Scorecards and similar tools help fleets identify drivers who need attention – as well as those who should be rewarded
Increasing driver pay during a recession may seem counterintuitive. But as Greg Brown and other fleet executives know, funding pay raises with the extra cost savings or revenues that drivers produce is a no-brainer.
In January, B.R. Williams started paying its drivers a monthly performance bonus. The amount that drivers receive varies according to the scores they obtain in three categories – revenue, operations and safety. The program already has paid big dividends for the Oxford, Ala.-based company.
“We have positively enhanced our operation across the board,” says Brown, chairman and chief executive officer of the 165-truck fleet.
Each month, drivers are eligible to receive a maximum bonus of 1.5 cents per mile, or about $140 to $200. Going forward, Brown says drivers will have to earn any future raises with their scores.
Besides using financial incentives to improve performance, B.R. Williams puts drivers’ pride on the line. Every month, drivers receive a ranked list in their mailboxes for fuel mileage, revenue productivity and other categories. “They don’t want to be anywhere near the bottom,” Brown says.

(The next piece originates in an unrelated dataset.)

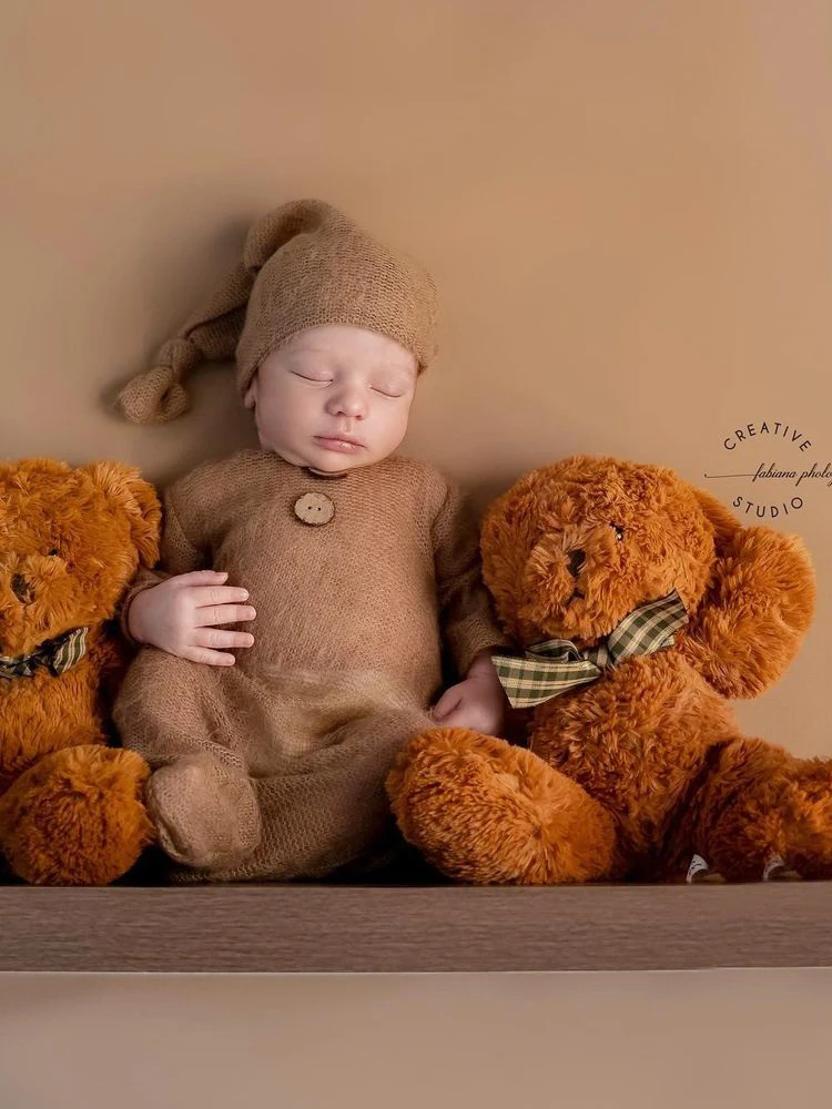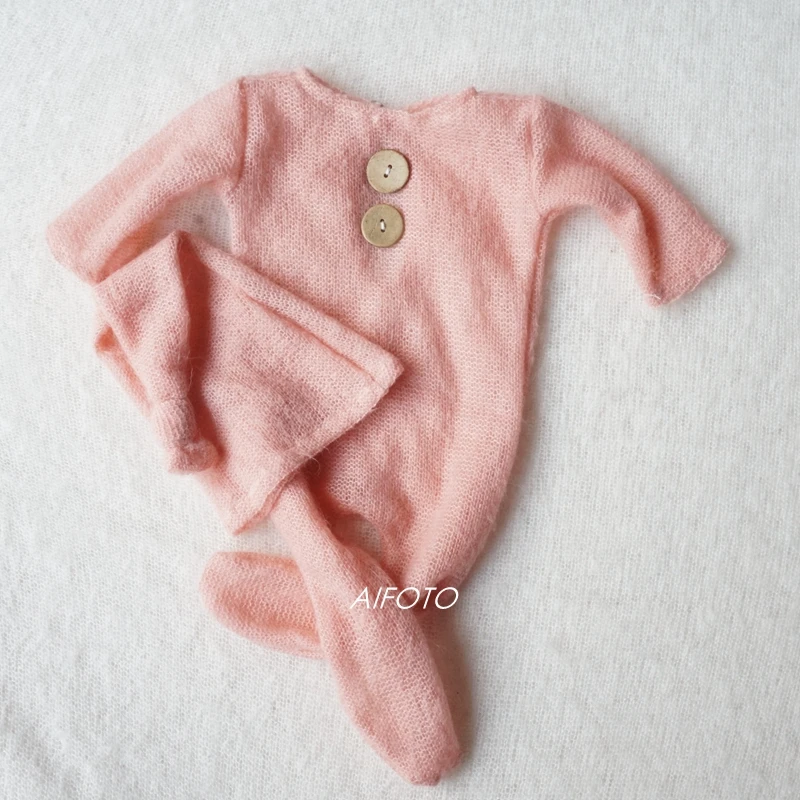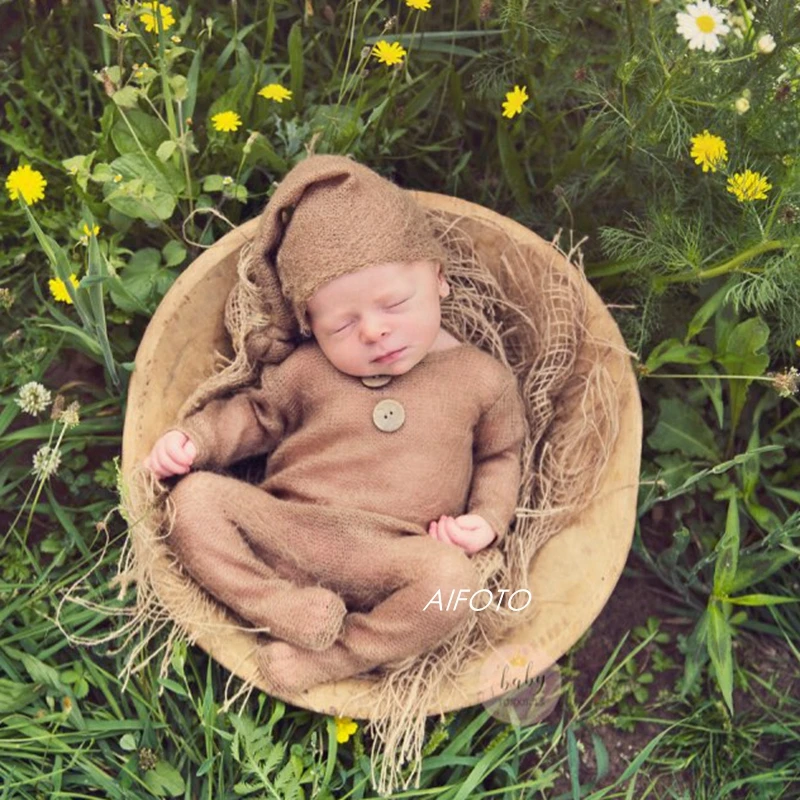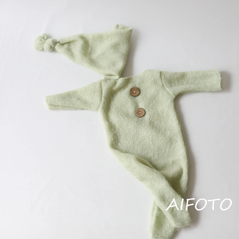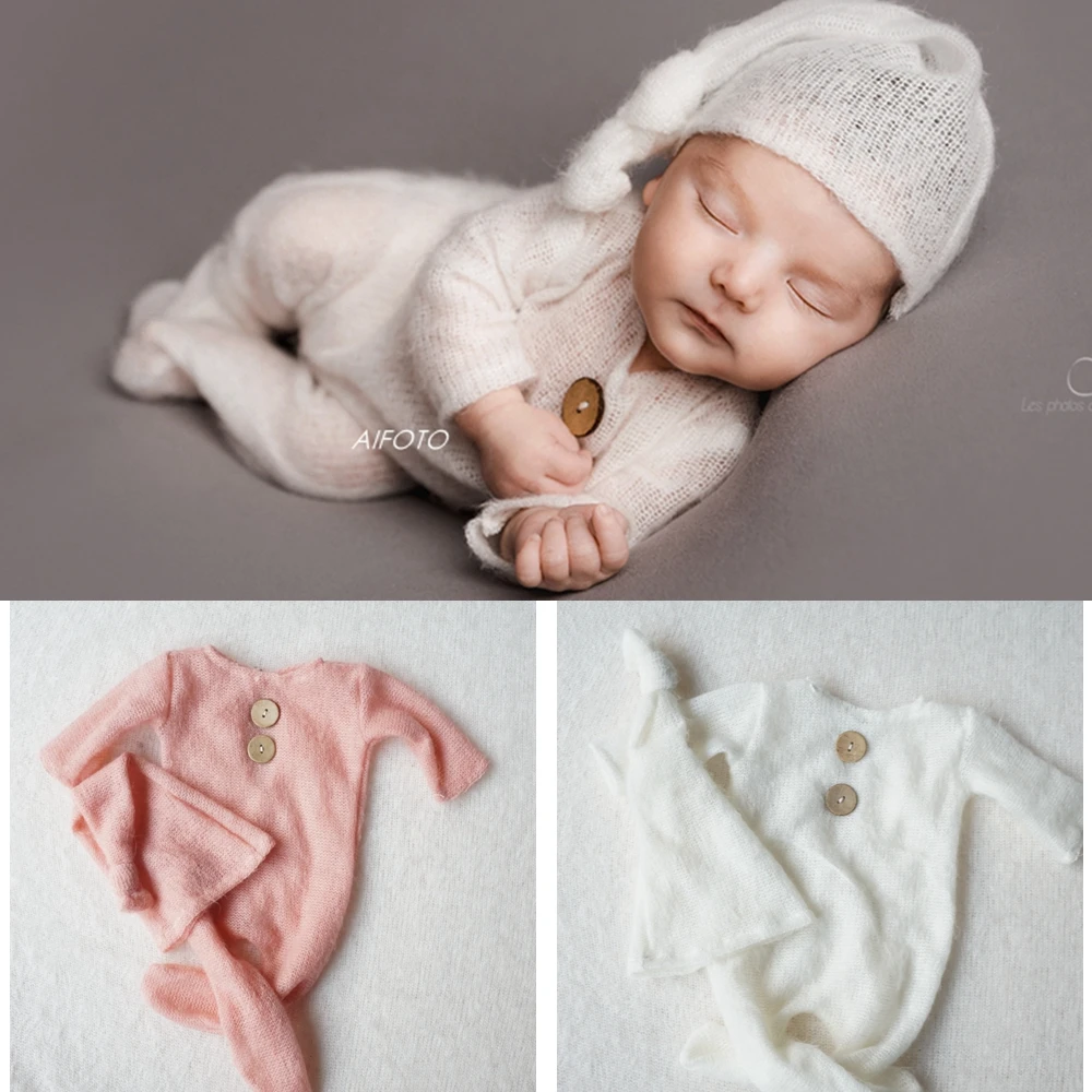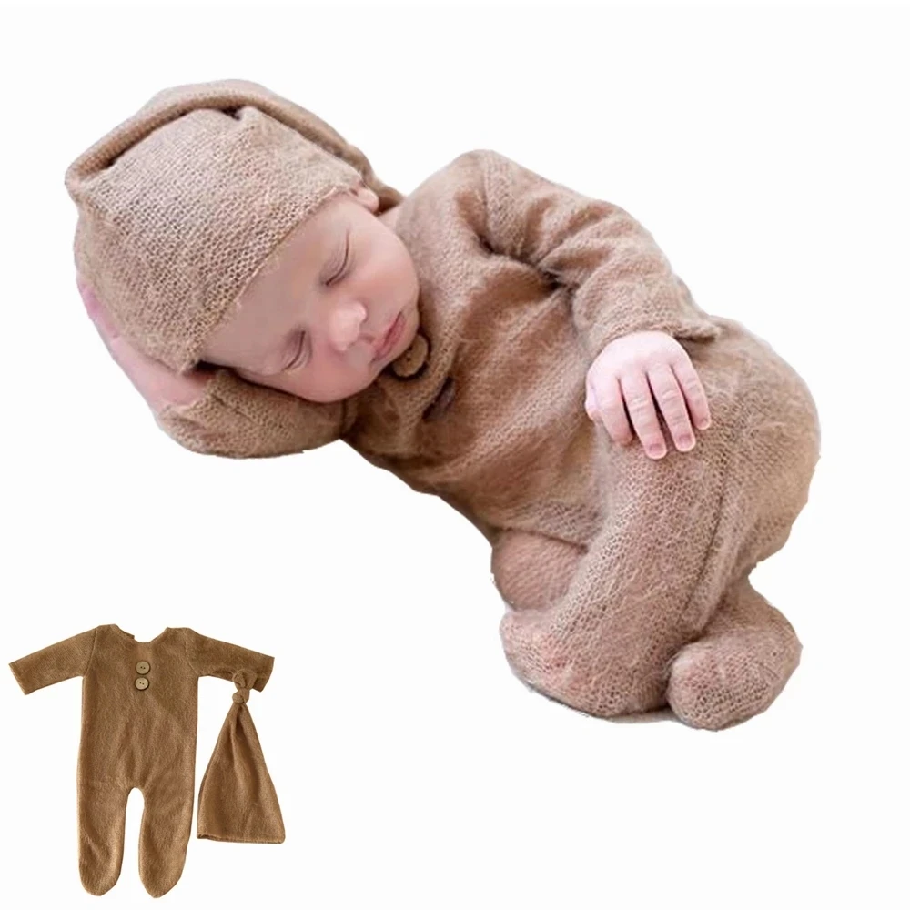 Реквизит для фотосъемки новорожденных наряд трикотажный мохеровый головной убор для девочек и мальчиков + комбинезон, Детские аксессуары для фотосъемки студия оптовая продажа комплект одежды

Initially, drivers might have a negative perception of any new program that monitors their performance, especially when it might result in less pay. To be effective, incentives or differential pay programs must be realistic and attainable for the driver – and easy for the company to manage. Technology can automate the management aspect with new tools to monitor and score driver performance from highly accurate and unbiased sources of information.
Building the base
At any time, drivers must perform at a high level for a company to stay profitable – and that’s never been as true as today, considering the current economic climate.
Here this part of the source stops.